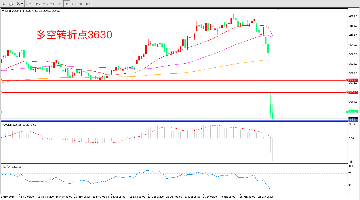 4小时图看, 沪深跳空低开震荡下行,整体走势低迷3580成为短期支撑,均线系统拐头向下,MACD红柱缩短,RSI指标向下,日内延续下行概率较大
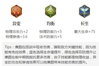 首先我们来介绍一下廉颇的技能,廉颇的一技能是一个位移的击飞技能,这个技能通常在前期的时候可以起到关键性的作用。廉颇的二技能的是一个范围伤害性技能这个技能的伤害只是比较高的,但是因为比较固定,所以比较难打到人。廉颇的三技能是可以对着目标范围砸三下,第三下的时候可以击飞,前面两下都是减速。廉颇的被动技能释放技能的时候不会被控制,并且可以免伤20%。铭文选择带肉铭文,出装选择出辅助坦克装。召唤师技能可以带眩晕也可以带闪现。
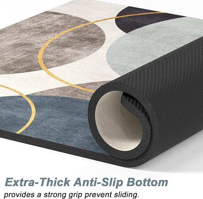 Rnivvi Dog Food Mat, 12" x 19" Boho Absorbent Dog Cat Bowl Mat for Food and Water, Cute Anti-Slip Rubber Pet Feeding Rug Protect Floors, Puppy Placemat for Feeding & Watering Supplies, Abstract Circle
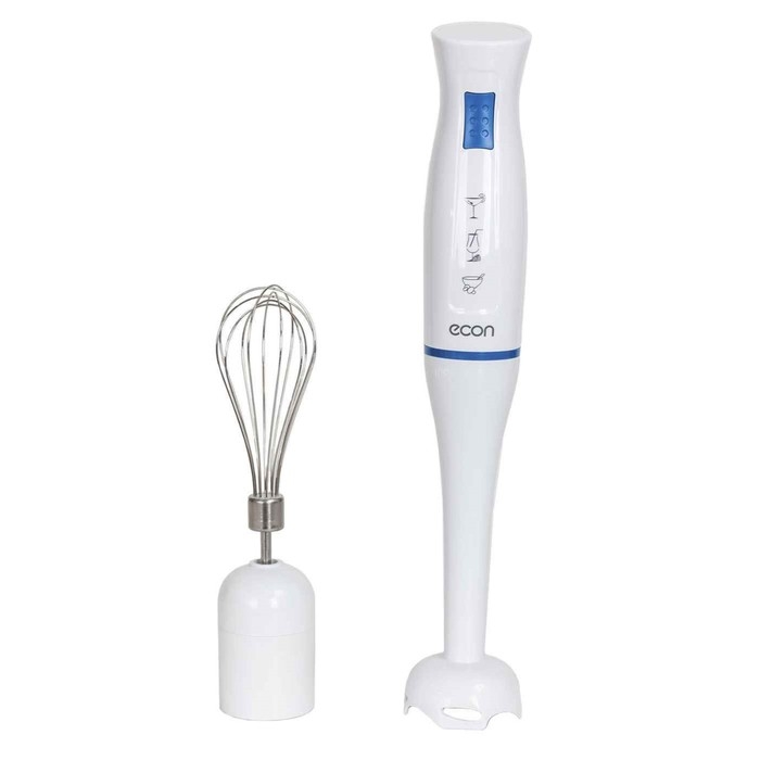Блендер Econ ECO-201HB, погружной, 700 Вт, 1 скорость, 2 насадки, бело-синий
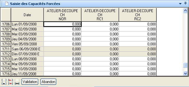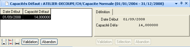 L’action Capacités/Défaut permet de définir pour des périodes données les valeurs des capacités des triplets « Ressource-unité de charge-détail de capacité ».
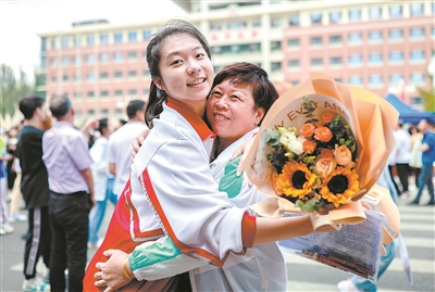 和學(xué)生一一擊掌、擁抱、做最后的叮囑……青島二中語文教師趙春雨從教39年,送過20多屆高考生,今年站好“最后一班崗”?!敖裉焖屯赀@屆兩個班的學(xué)生,我才算是真正退休了。”目送著學(xué)生走進考場,趙春雨期待中滿含不舍。
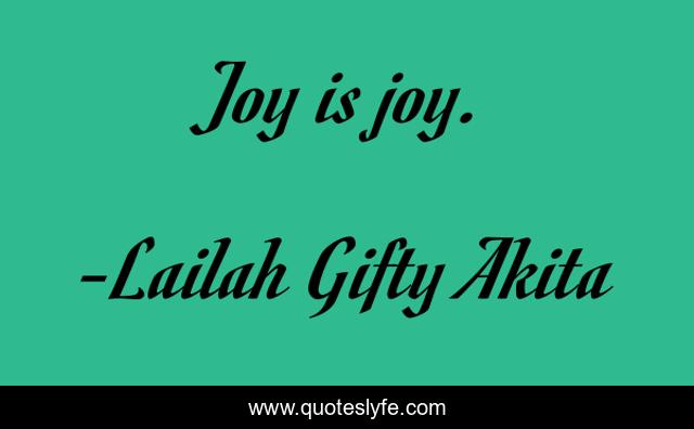 This page presents the quote "Joy is joy.". Author of this quote is Lailah Gifty Akita. This quote is about living, life, joy, motivational, confidence, optimistic, positive,.
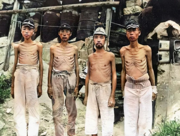在馬紹爾群島被美軍俘虜的日軍,可以看到,身材拾分瘦弱。
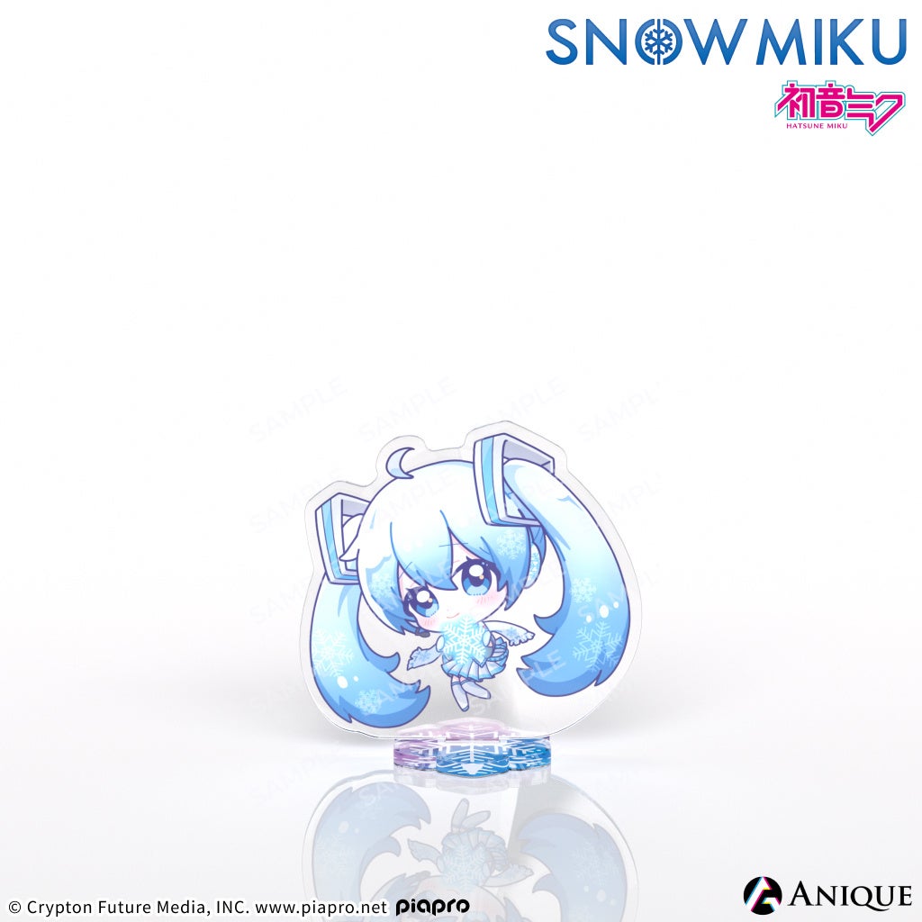 雪ミクの新規描き起こしミニキャライラストを使用した、手のひらサイズのアクリルスタンドです。
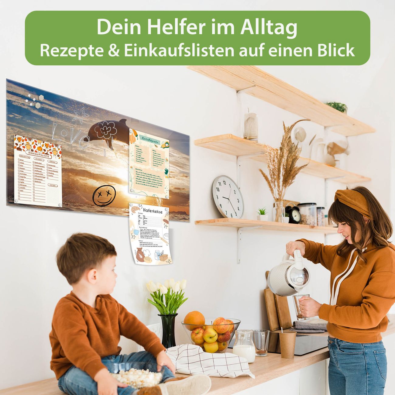 Auf der glatten Glasoberfläche lassen sich Termine, Rezepte oder Notizen ganz einfach mit Kreidestiften festhalten und rückstandslos entfernen. Starke Neodym-Magnete halten Ihre wichtigsten Erinnerungen sicher an Ort und Stelle. So entsteht Ihre ganz persönliche Ideenwand - jeden Tag neu.
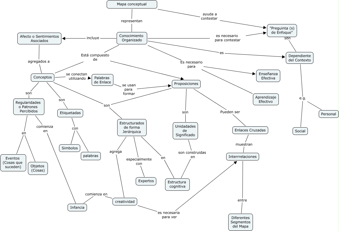 Este Cmap, tiene información relacionada con: Mapa_Conceptual_G03-unmsm_fin, Conocimiento Organizado es necesario para contestar "Preguinta (s) de Enfoque", Etiquetadas con Simbolos, Proposiciones son Unidadades de Significado, Conocimiento Organizado Es necesario para Aprendizaje Efectivo, Interrrelaciones entre Diferentes Segmentos del Mapa, Dependiente del Contexto e.g. Personal, Mapa conceptual ayuda a contestar "Preguinta (s) de Enfoque", Proposiciones Pueden ser Enlaces Cruzadas, Regularidades o Patrones Percibidos en Objetos (Cosas), creatividad es necesaria para ver Interrrelaciones, Conocimiento Organizado es Dependiente del Contexto, Unidadades de Significado son construidas en Estructura cognitiva, Proposiciones son Estructurados de forma Jerárquica, Conocimiento Organizado incluye Afecto o Sentimientos Asociados, Afecto o Sentimientos Asociados agregados a Conceptos, Conocimiento Organizado Está compuesto de Conceptos, Etiquetadas con palabras, Estructurados de forma Jerárquica agrega creatividad, Conceptos son Regularidades o Patrones Percibidos, creatividad comienza en Infancia
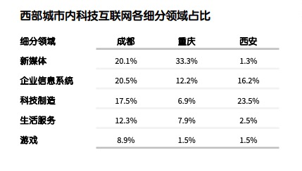 根据《报告》统计,在其定义的5种科技互联网细分领域中,成都发展更为均衡,而重庆和西安两市则有明显的偏重。在此基础上,成都在企业信息系统领域更有优势,重庆更偏向新媒体领域,而西安则在科技制造领域表现突出。
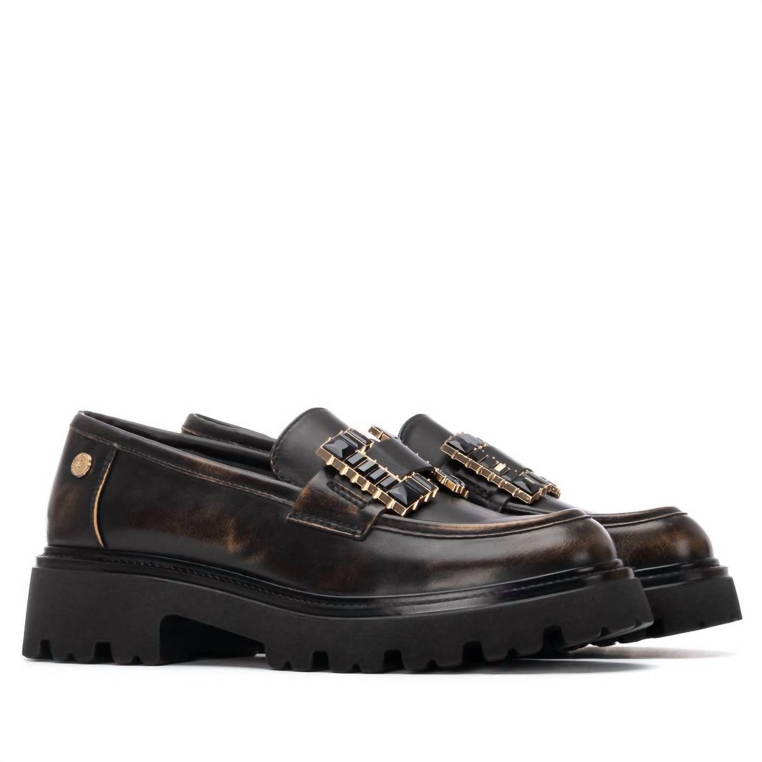 A preppy yet feminine take on the classic loafer. Enhance your wardrobe with the Xti Women's Round Toe 144429 Shoes, an embodiment of quiet luxury in a striking bronze hue. Crafted from high-quality leather, these shoes feature a round toe design and a platform heel for added style and comfort. Perfect for a range of occasions, from back-to-school events to Thanksgiving celebrations. Embrace the blend of fashion and function exclusively designed for women this spring season.
========================
## Work to complete
Write the entries out in full and exactly, omitting every picture.

## Output of the task
 4小时图看, 沪深跳空低开震荡下行,整体走势低迷3580成为短期支撑,均线系统拐头向下,MACD红柱缩短,RSI指标向下,日内延续下行概率较大
 首先我们来介绍一下廉颇的技能,廉颇的一技能是一个位移的击飞技能,这个技能通常在前期的时候可以起到关键性的作用。廉颇的二技能的是一个范围伤害性技能这个技能的伤害只是比较高的,但是因为比较固定,所以比较难打到人。廉颇的三技能是可以对着目标范围砸三下,第三下的时候可以击飞,前面两下都是减速。廉颇的被动技能释放技能的时候不会被控制,并且可以免伤20%。铭文选择带肉铭文,出装选择出辅助坦克装。召唤师技能可以带眩晕也可以带闪现。
 Rnivvi Dog Food Mat, 12" x 19" Boho Absorbent Dog Cat Bowl Mat for Food and Water, Cute Anti-Slip Rubber Pet Feeding Rug Protect Floors, Puppy Placemat for Feeding & Watering Supplies, Abstract Circle
Блендер Econ ECO-201HB, погружной, 700 Вт, 1 скорость, 2 насадки, бело-синий
 L’action Capacités/Défaut permet de définir pour des périodes données les valeurs des capacités des triplets « Ressource-unité de charge-détail de capacité ».
 和學(xué)生一一擊掌、擁抱、做最后的叮囑……青島二中語文教師趙春雨從教39年,送過20多屆高考生,今年站好“最后一班崗”?!敖裉焖屯赀@屆兩個班的學(xué)生,我才算是真正退休了。”目送著學(xué)生走進考場,趙春雨期待中滿含不舍。
 This page presents the quote "Joy is joy.". Author of this quote is Lailah Gifty Akita. This quote is about living, life, joy, motivational, confidence, optimistic, positive,.
在馬紹爾群島被美軍俘虜的日軍,可以看到,身材拾分瘦弱。
 雪ミクの新規描き起こしミニキャライラストを使用した、手のひらサイズのアクリルスタンドです。
 Auf der glatten Glasoberfläche lassen sich Termine, Rezepte oder Notizen ganz einfach mit Kreidestiften festhalten und rückstandslos entfernen. Starke Neodym-Magnete halten Ihre wichtigsten Erinnerungen sicher an Ort und Stelle. So entsteht Ihre ganz persönliche Ideenwand - jeden Tag neu.
 Este Cmap, tiene información relacionada con: Mapa_Conceptual_G03-unmsm_fin, Conocimiento Organizado es necesario para contestar "Preguinta (s) de Enfoque", Etiquetadas con Simbolos, Proposiciones son Unidadades de Significado, Conocimiento Organizado Es necesario para Aprendizaje Efectivo, Interrrelaciones entre Diferentes Segmentos del Mapa, Dependiente del Contexto e.g. Personal, Mapa conceptual ayuda a contestar "Preguinta (s) de Enfoque", Proposiciones Pueden ser Enlaces Cruzadas, Regularidades o Patrones Percibidos en Objetos (Cosas), creatividad es necesaria para ver Interrrelaciones, Conocimiento Organizado es Dependiente del Contexto, Unidadades de Significado son construidas en Estructura cognitiva, Proposiciones son Estructurados de forma Jerárquica, Conocimiento Organizado incluye Afecto o Sentimientos Asociados, Afecto o Sentimientos Asociados agregados a Conceptos, Conocimiento Organizado Está compuesto de Conceptos, Etiquetadas con palabras, Estructurados de forma Jerárquica agrega creatividad, Conceptos son Regularidades o Patrones Percibidos, creatividad comienza en Infancia
 根据《报告》统计,在其定义的5种科技互联网细分领域中,成都发展更为均衡,而重庆和西安两市则有明显的偏重。在此基础上,成都在企业信息系统领域更有优势,重庆更偏向新媒体领域,而西安则在科技制造领域表现突出。
 A preppy yet feminine take on the classic loafer. Enhance your wardrobe with the Xti Women's Round Toe 144429 Shoes, an embodiment of quiet luxury in a striking bronze hue. Crafted from high-quality leather, these shoes feature a round toe design and a platform heel for added style and comfort. Perfect for a range of occasions, from back-to-school events to Thanksgiving celebrations. Embrace the blend of fashion and function exclusively designed for women this spring season.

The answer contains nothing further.